From the album Preacher’s Daughter
This is a song about inheritance. Not money or genes. The kind passed from father to daughter through violence, through predation, through being taught early that your body belongs to someone who will hurt it. Ethel Cain turns Gothic horror into autobiography, making the monster and the victim speak in the same voice until you cannot tell them apart.
I followed you in / I was with you there / I invited you in / Twice, I did
Repetition that doubles as self-blame. She is trying to convince herself she had agency, that invitation means something when the inviter is a child. The twice lands like an accusation she levels at herself for not learning the first time.
Suffering is nigh, drawing to me / Calling me the one, I'm the white light / Beautiful, finite
The predator calls her chosen, special.

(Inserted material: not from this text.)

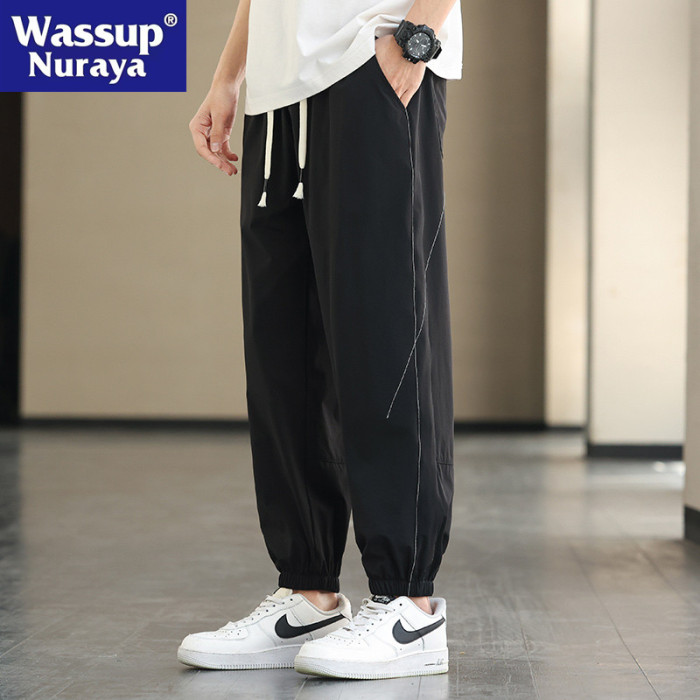 WASSUP NURAYA褲子夏季休閒褲薄款九分褲寬松褲大碼青年冰絲男褲

White light sounds holy until you remember it is what prey sees before death. Beautiful and finite. The compliment and the expiration date arrive in the same breath.
What fear a man like you brings upon / A woman like me / Please don't look at me
The perspective splits open. She stops narrating her own horror and speaks directly to him. Please do not look at me. The smallest, most human request. The one that never gets granted.
Stop, stop, stop, make it stop, stop / Make it stop / Make it stop, I've had enough
The structure collapses into pure plea. No metaphor left. No Gothic distance. Just the word stop breaking apart under the weight of how many times it has already failed to work.
I was there in the dark when you spilled your first blood / I am here now as you run from me still / Run then, child / You can't hide from me forever
The voice shifts. Now it is the trauma itself speaking. The thing that was there at the beginning, that watched her become a woman through violence, that knows she will never outrun what happened. The monster was never just a person. It was the inheritance itself.
The song ends with the abuser and the abuse merged into one voice. Not a person chasing her but the event itself, eternal and patient. Ethel Cain does not offer escape or healing. She offers the truth that some things do not end just because you survive them.